LAPD drama worth a ‘Watch’

Has any police department in the country been portrayed in a more consistently negative way than Hollywood’s hometown cops, the LAPD?

Woody Harrelson’s sociopathic officer in last year’s “Rampart’’ is just one of the recent countless examples. There was even a documentary that mocked the LAPD’s motto, “To Serve and Protect,’’ because it’s long been in quotation marks on the side of patrol cars.

That slogan is taken very seriously by the heroic — if hardly straight-arrow — heroes in “End of Watch,” vividly written and directed by David Ayer, who depicted the darker side of the LAPD in his script for “Training Day.’’

Brian (Jake Gyllenhaal) and Mike (Michael Pena) are a pair of street-smart hot shots, longtime partners newly assigned to patrolling one of the scariest precincts of LA’s South Central.

It’s a place where the most innocent-seeming call carries the possibility of sudden death — as we see in the adrenaline-pumping, high-speed chase that opens the film.
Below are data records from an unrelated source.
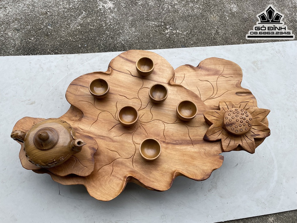 Khay Trà Đục Lá Hoa Sen Gỗ Ngọc Am
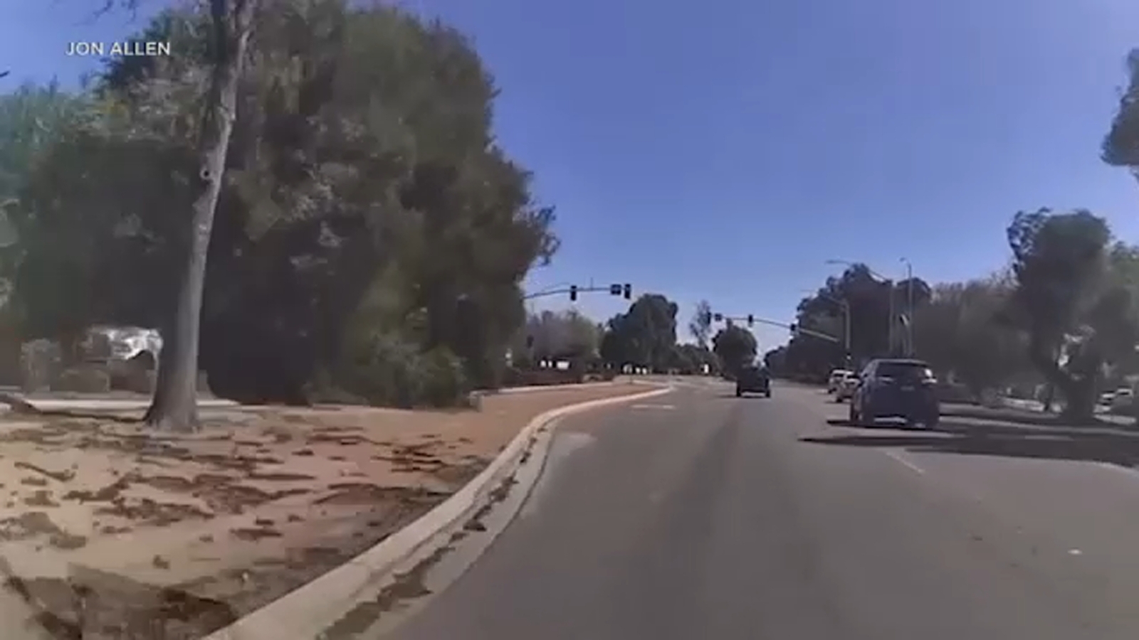 Dashcam video captured the moment a tree toppled onto a street in Ontario as fierce winds swept through Southern California Thursday.
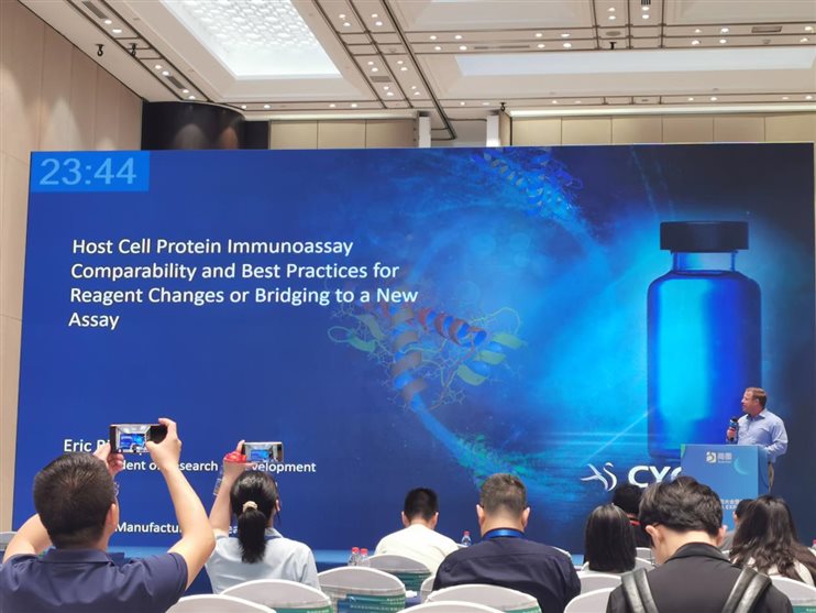 在抗體蛋白制品工藝開發(fā)與BLA會(huì)場,Cygnus研發(fā)副總裁Eric Bishop為廣大客戶做了題為“ Advanced Orthogonal Methods for Qualification and Bridging of Host Cell Protein ELISAs”的精彩演講,向大家介紹和分享了覆蓋率分析的最新方法和代表性的案例,獲得了聽眾的一致好評。
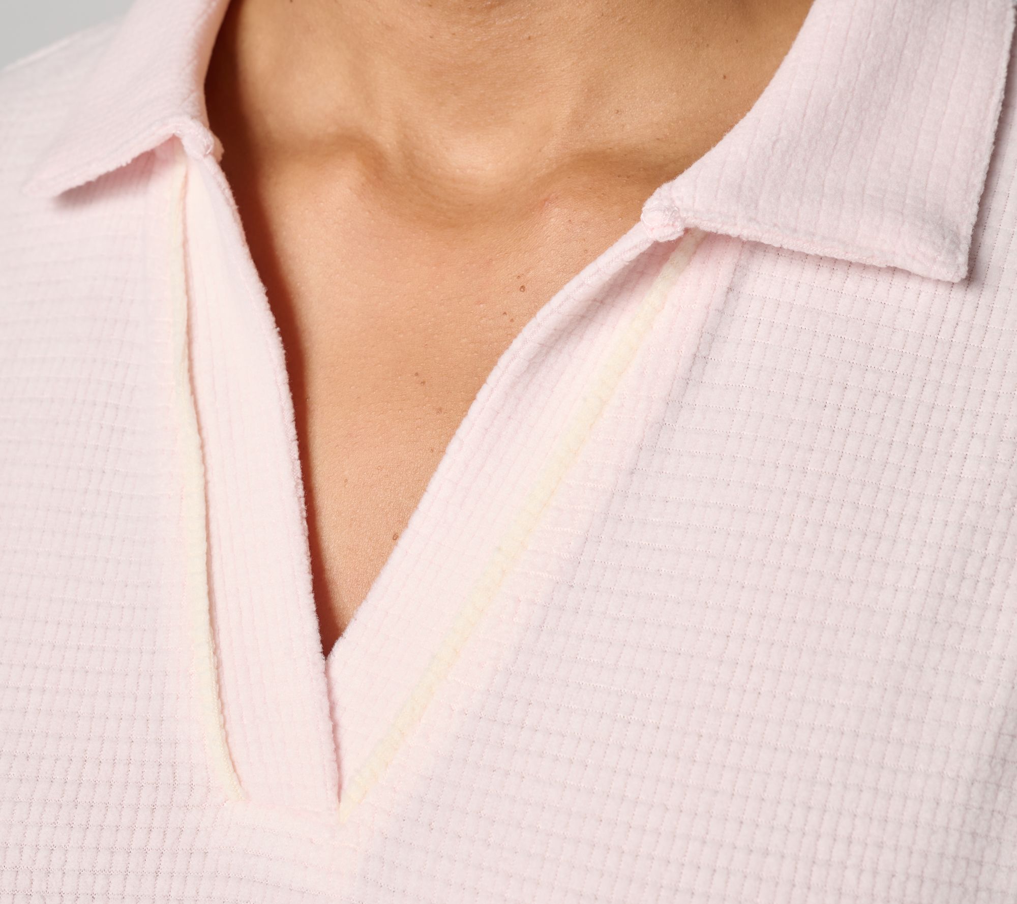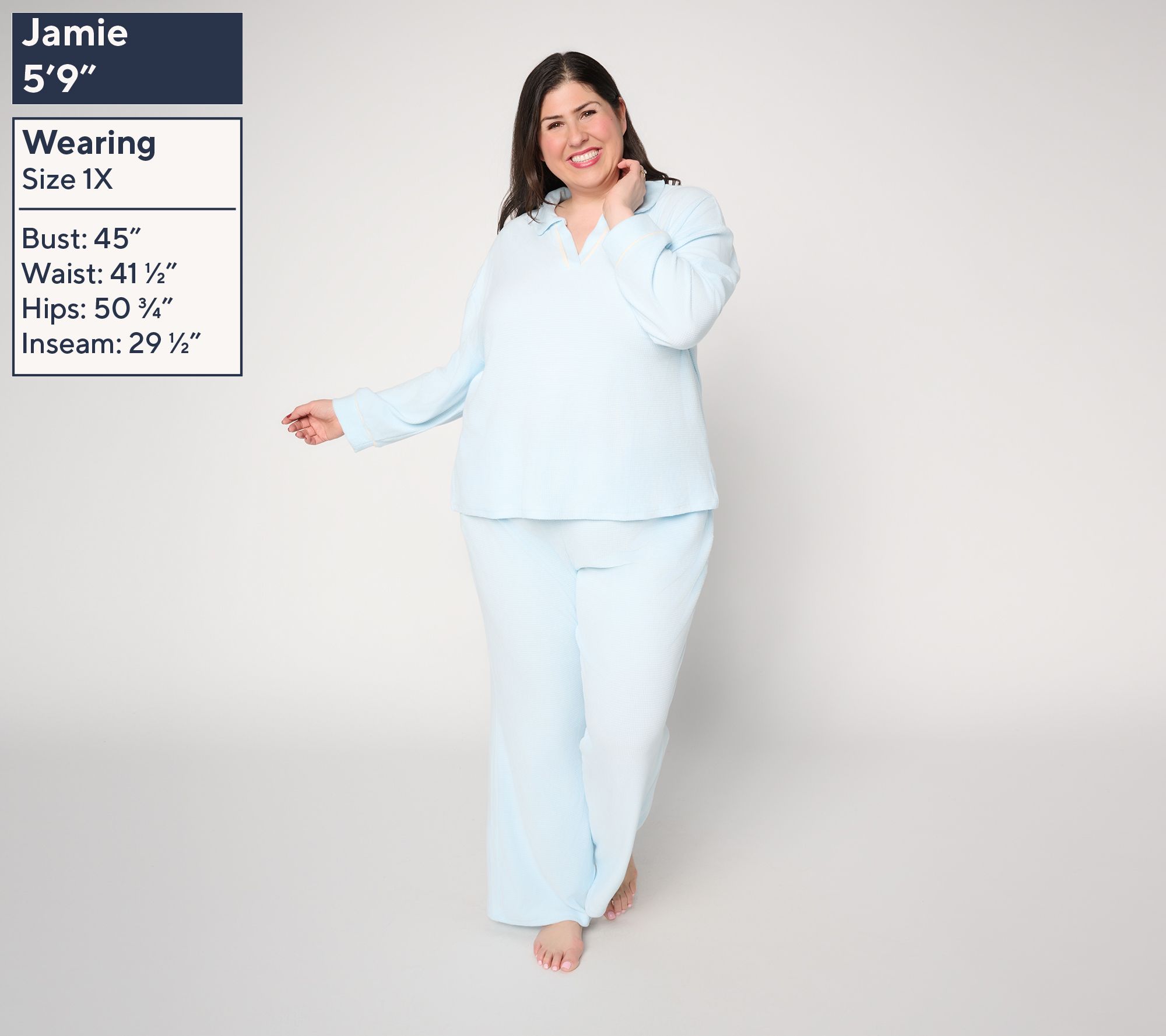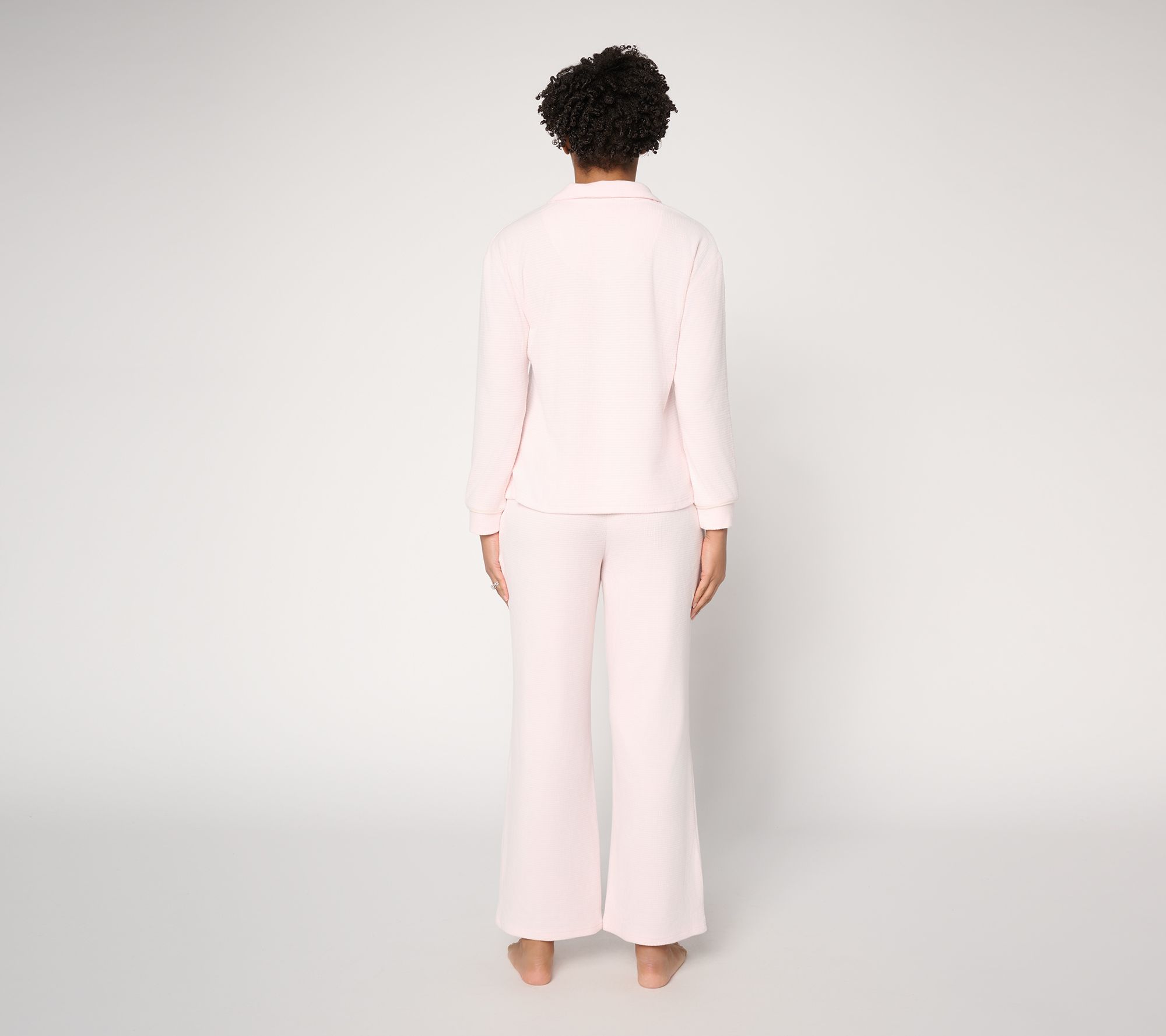 Whether you're winding down after a busy day or easing into the weekend, this boucle lounge set brings snuggly comfort and trend-right style together in one cozy combination. With a V-neck top, flared-leg pants, and a graceful silhouette, it's designed for laid-back moments at home, from movie nights to morning routines. From MUK LUKS.
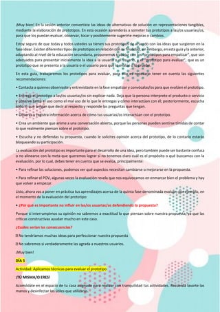 La quinta fase de Design Thinking es evaluar, en la cual se someten los prototipos a usuarios para obtener retroalimentación. Se explica la técnica de la "Malla receptora de información" para recopilar comentarios de usuarios sobre los prototipos en cuatro categorías: cosas interesantes, críticas constructivas, preguntas y nuevas ideas. Con esta información, el diseño del prototipo puede ser mejorado.
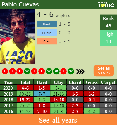 Cuevas has a solid win-loss record in the last 10 years having won 65% of his matches (931-504). 3-1 on clay in 2020. In connection with his performance on the same surface of this competition, Cuevas has a 217-160 win-loss record in the last 10 years on clay.
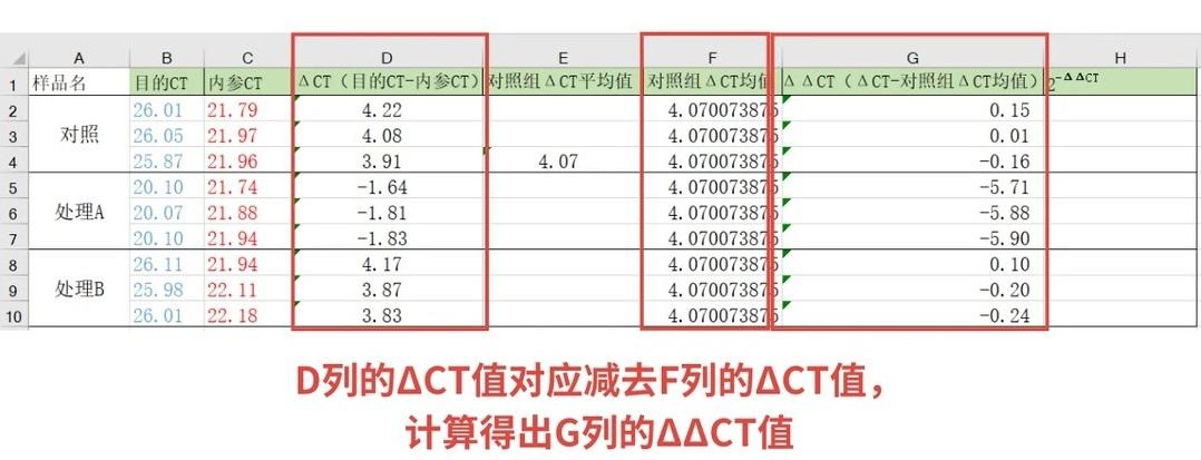 ΔΔCT = ΔCT - 对照组ΔCT均值
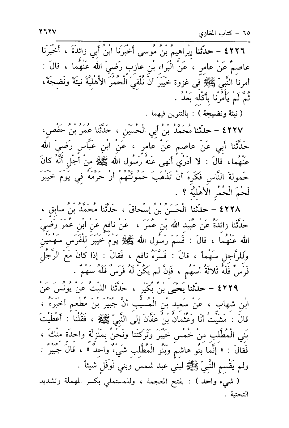 4226 - حَدَّثَنِي إِبْرَاهِيمُ بْنُ مُوسَى، أَخْبَرَنَا ابْنُ أَبِي زَائِدَةَ، أَخْبَرَنَا عَاصِمٌ، عَنْ عَامِرٍ، عَنِ البَرَاءِ بْنِ عَازِبٍ رَضِيَ اللَّهُ عَنْهُمَا، قَالَ: أَمَرَنَا النَّبِيُّ صَلَّى اللهُ عَلَيْهِ وَسَلَّمَ فِي غَزْوَةِ خَيْبَرَ «أَنْ نُلْقِيَ الحُمُرَ الأَهْلِيَّةَ نِيئَةً وَنَضِيجَةً، ثُمَّ لَمْ يَأْمُرْنَا بِأَكْلِهِ بَعْدُ».
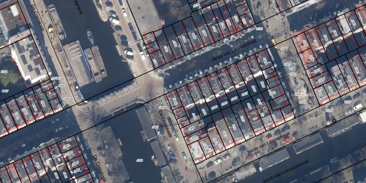 Het perceel waarop het adres ligt is ASD13-Q-1932. De afkorting 'ASD13' staat voor kadastrale gemeente Amsterdam. Het perceel is 124 m² groot. Dat is kleiner dan de gemiddelde perceeloppervlakte in Amsterdam, dat op 393,94 m² ligt. De grootste perceeloppervlakte in de kadastrale gemeente is 6,2 ha. De kleinste oppervlakte bedraagt 1 m². Er zijn 5 adressen aanwezig op het perceel. De laatste wijziging in het de Basisregistratie Kadaster (BRK) was op 03-11-2006.

Brian is taking a filmmaking class, so he carries a camcorder everywhere and attaches micro-cameras to his and Mike’s shirts — much to the annoyance of fellow officers who remember the Rodney King case.

Ayer employs the overused shaky-cam/found-footage format to breathe new life and vitality to the familiar buddy-cop genre — think TV’s “Cops’’ with a pair of very good actors behind the wheel. But cutting back and forth between that and more traditional camera work is distracting.

A scene where Brian and Mike drag a kid out of a burning building — rather than waiting for the fire department to show up — is about as exciting and harrowing as anything I’ve seen on a movie screen this year.

The guys’ fearlessness earns the respect of even a jaded veteran (David Harbour) who resents their high spirits. But it also puts them in the cross hairs of a drug cartel that other LAPD colleagues have warned them not to mess with.

This especially alarms Brian’s girlfriend (Anna Kendrick) and Mike’s pregnant wife (Natalie Martinez) who never know whether their guys will survive their often brutally violent shifts.

America Ferrara (“Sisterhood of the Traveling Pants’’) turns in an image-changing role as a tough lesbian officer who develops a grudging admiration for our heroes.

“End of Watch’’ is not a perfect movie. It begins with a groan-worthy slogan (“Once upon a time in South Central . . .”) and its depiction of Hispanics — including, to some degree, Mike — tends toward stereotype at times.

Gyllenhaal and Pena have great chemistry together, though, in their best performances to date. A memorable scene where the officers they play have to decide in a split second whether to kill a sadistic perp vividly puts you right into their very difficult jobs.